ある方の主催によるチャリティーコンサートには、これまで3度出演した。東京で2回、札幌で1回。別に僕自身チャリティー活動に熱心なわけではない。演奏する機会、それも大きな舞台で演奏する機会が得られるという動機で出演した。

「ああ、僕が振り込んだお金が被災地の人たちの役に立っているんだ!」という喜びに震えながら演奏していたわけではない。貴重な演奏の機会を頂いた、そのような気持ちだった。それは僕だけではなく、出演者の多くはそう感じていたのではないかな?

結果的に振り込んだお金が被災地の役に立つのだから、出演者の動機がどうであれ、それはいいことなのではないかと思う。単純かもしれないが、いいと思う。いけない理由が分からない。

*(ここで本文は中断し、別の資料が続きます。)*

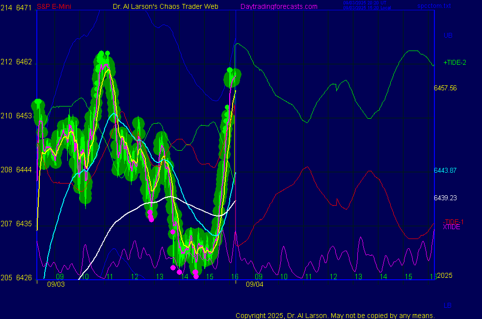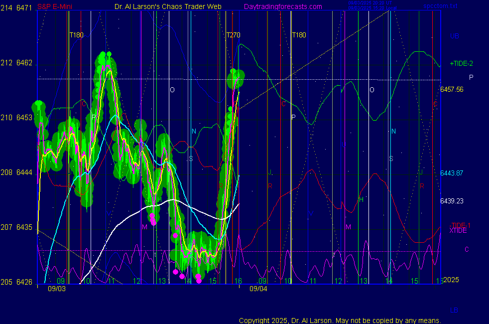 ![]() ![]() Today: as per chart 3 on the SPKISS page 09:54 440, 220, 110 down; sell 6408 stopped 6381 for +27 11:48 440 down, 20 and 110 up-passed 14:02 440, 220,110 turned up; buy 6412 covered near close for +12 Tomorrow: Moon square Mars, oppose Jupiter, square Chiron in T-square **************************************************************************** during these volatile times, the point values in these instructions should multiplied by 5 ***************************************************************************** For trade times before 11:00, be sure to use EXMA's that include data from 8:15 Eastern Normal Rules ( as published on daytrading forecasts.com in the tutorial): These fit a Trend or Trend continuation scenario, identified by prices trading within a couple of points of the 110 minute EXMA, taking profits on a 12 point range. 1. Watch for the opportunity to go with the trend or change in trend at the time(s) given. Be alert for the turn coming early or late. Be patient and use the tracking indicators. Plan to trade in the direction of the 110 EXMA coming out of that time frame. Prices should stay on one side of the 110 EXMA and it should be moving, or curl up or down from a flat position. Prices should be within about 2 points of the 110 EXMA. The 20 minute EXMA should have crossed the 110 EXMA, or moved toward it and then pulled away from it. When this setup is clear, enter in the direction of the 110 EXMA with a 3 point stop. *** in volatile markets this may need to be 6 points If each setup is not clear 60 minutes after the given time, skip the trade. 2. Move the stop 1 point each 30 minutes. If the market moves decently, trail it by 3 points ( 6 points in volatile markets). 3. Cover on a 5 point gain**, 90 minutes after entry , at the next Tide turn , or if the prices clearly recross the 110 minute EXMA. ********************************************************************** **FAST MOVE RULE If the trade gains 3 points within 30 minutes of entry, press the stop, using the 20 EXMA as a guide to move the stop to the low or high of each pullback (normally about 15 minutes long) once the move makes a new high or low. Cover any gain of 9* points. *It is OK to use the fast stop rule if a trade starts fast, but to then cover at +5 or +4 if it slows or stalls *** Stall rule: Cover any trade that stalls for more than 45 minutes *** Carry through rule If you are in a trade that is working well, if is OK to carry through the next Tide turn *** GO BIG rule: if morning is a big move (>12 points ), and midday is a congestion or pullback, and the last trade of the day sets up near 2:00, a move greater than 9 points may be captured using the technique illustrated at http://moneytide.com/hans/cc09092008.asp *** VOLATILE MARKET RULE -use with discretion in volatile markets, the 55 minute EXMA used in place of the 110 minute EXMA may provide an earlier and lower risk entry. This is most useful when the market is extremely oversold or overbought and reversing, or during a fast move with minimal dips and one is looking to join the move. |

そのチャリティーコンサートは現在のところ休止中。出演者が激減したわけではない。主催者の方に心ないメールが送られたりするから。「偽善者」とか・・・

そのような心ない攻撃メールを送る人は、極々一部の人なのだろう。多くの人は主催者の方を応援している。個人的には主催者の方に頑張って頂いて、チャリティーコンサートを再開してもらいたいと思っていた。いや、今もそう思っている。どうして社会の役に立っている活動が、一部の人のために休止しなければいけないのだろう?悔しい・・・そう思う。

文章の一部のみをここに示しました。